Optimality principles have been used to explain the structure and behavior of living matter at different levels of organization, from basic phenomena at the molecular level, up to complex dynamics in whole populations. Most of these studies have assumed a single-criteria approach. Such optimality principles have been justified from an evolutionary perspective. In the context of the cell, previous studies have shown how dynamics of gene expression in small metabolic models can be explained assuming that cells have developed optimal adaptation strategies. Most of these works have considered rather simplified representations, such as small linear pathways, or reduced networks with a single branching point, and a single objective for the optimality criteria.

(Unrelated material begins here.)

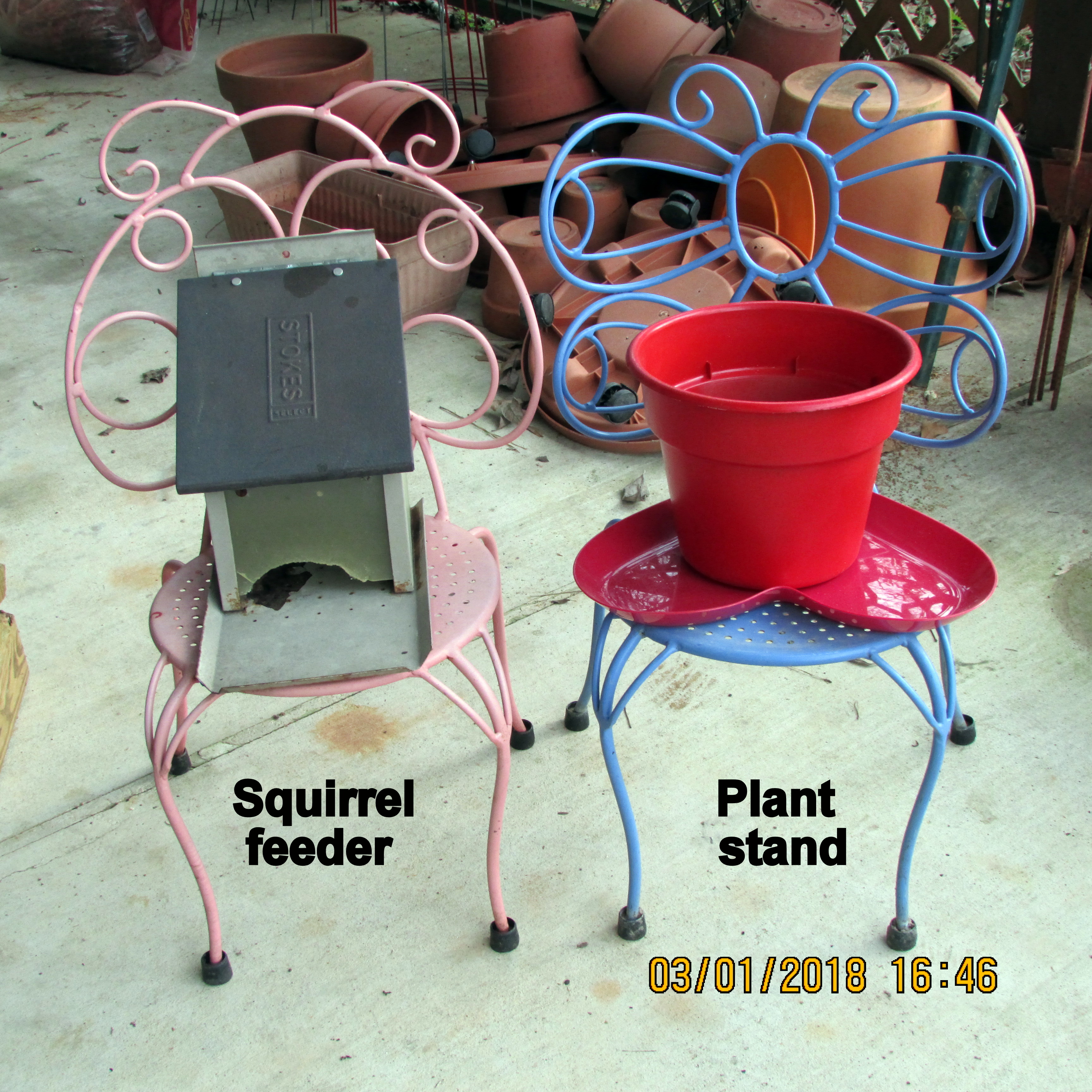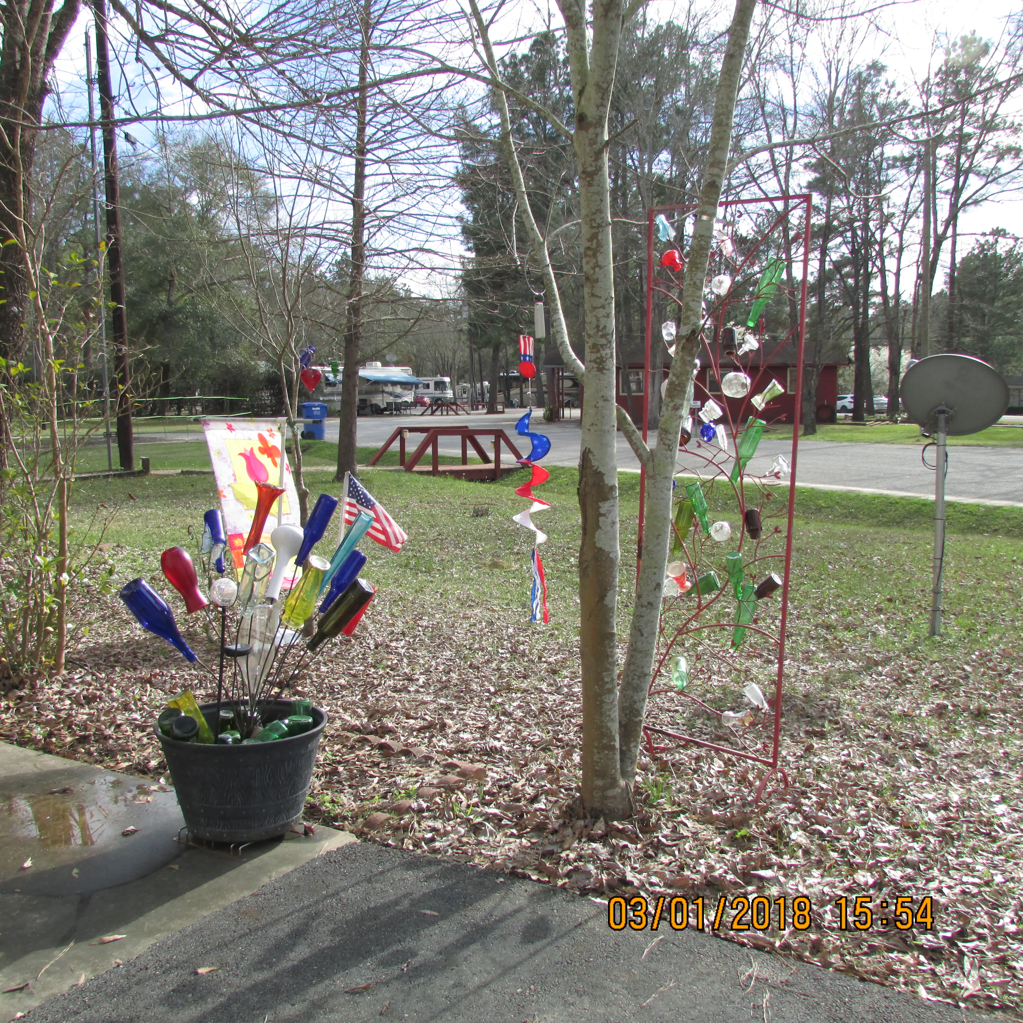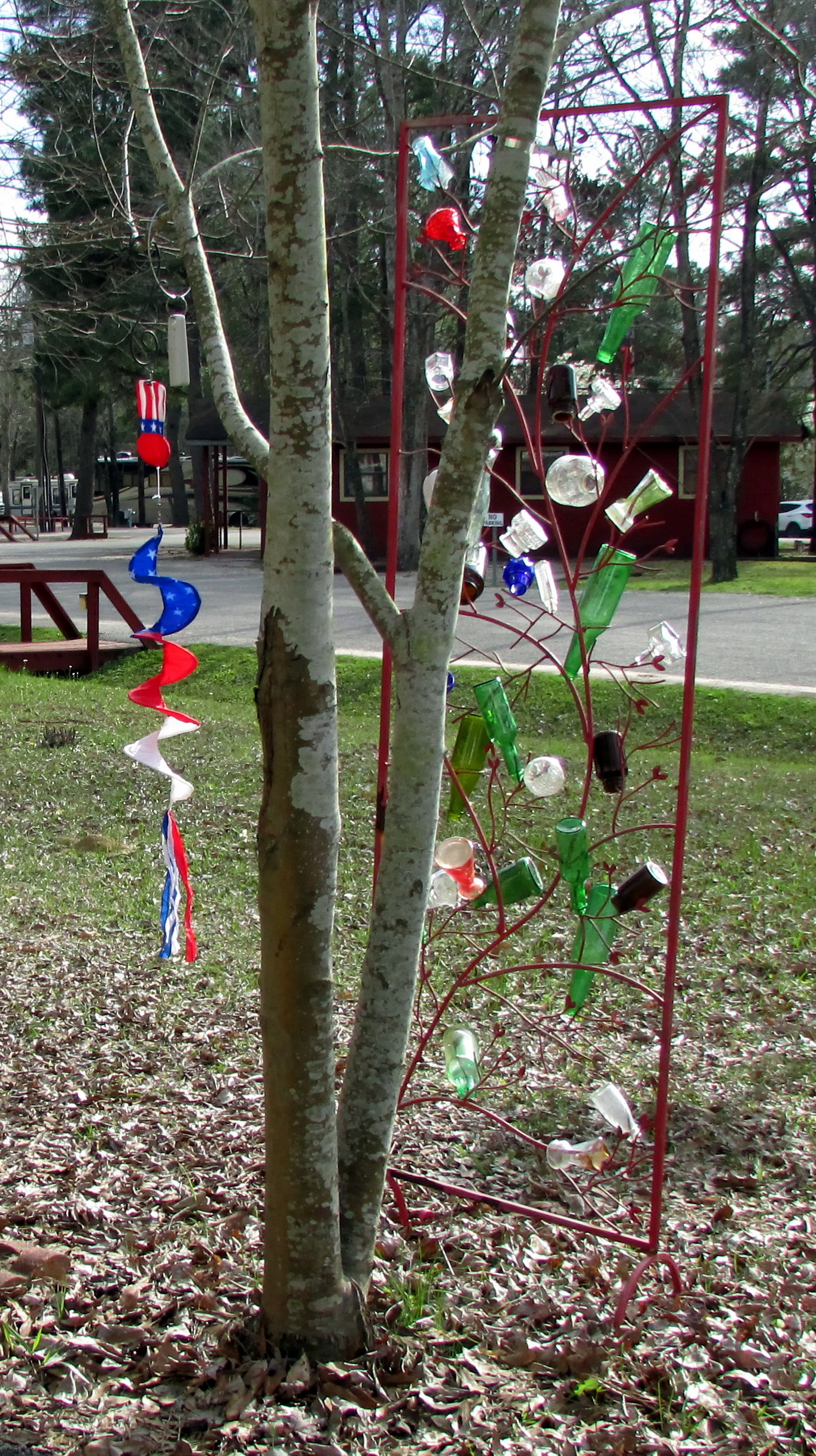 The small bottles, etc., were removed from their hiding place in the cargo trailer and attached to the framework. I’ll put a price tag on the item but speculate Lorraine may be the only person who sees beauty in her “art work.” OMG, so many out-of-the-ordinary yard items!

Here we consider the extension of this approach to more realistic scenarios, i.e. biochemical pathways of arbitrary size and structure. We first show that exploiting optimality principles for these networks poses great challenges due to the complexity of and metabolite concentrations in complex metabolic pathways. Further, we also show how to consider general cost/benefit trade-offs. In this study we have considered metabolic pathways, but this computational framework can also be applied to analyze the dynamics of other complex pathways, such as signal transduction or gene regulatory networks.The introduction of monoclonal antibodies (mAbs) against calcitonin-gene related peptide (CGRP) or CGRP receptors in the treatment of migraine raised concerns on the possible risks associated to the long-term inhibition of CGRP physiological functions. In this proof-of-concept study, we have measured the circulating levels of CGRP in 7 patients with high-frequency episodic migraine receiving the anti-CGRP receptor mAb erenumab for at least 6 months, to test the hypothesis that long-term blockade of CGRP receptors induces an increase in systemic CGRP levels via a classical up-regulation mechanism.Plasma CGRP levels were measured by a validated radioimmunoassay at baseline, and after 1 and 6 months of treatment with erenumab, 70 mg given sc every 4 weeks.We found (data expressed as the means ± SD) 38.34 ± 30.74 pg CGRP/ml of plasma at baseline, 38.19 ± 29.23 pg/ml after 1 month and 53.89 ± 28.03 pg/ml after 6 months of treatment. Thus, the average increase in plasma CGRP levels after 6 months of treatment was about + 40% compared to both baseline and 1-month treatments; such difference was not statistically significant because of high SD values in all groups.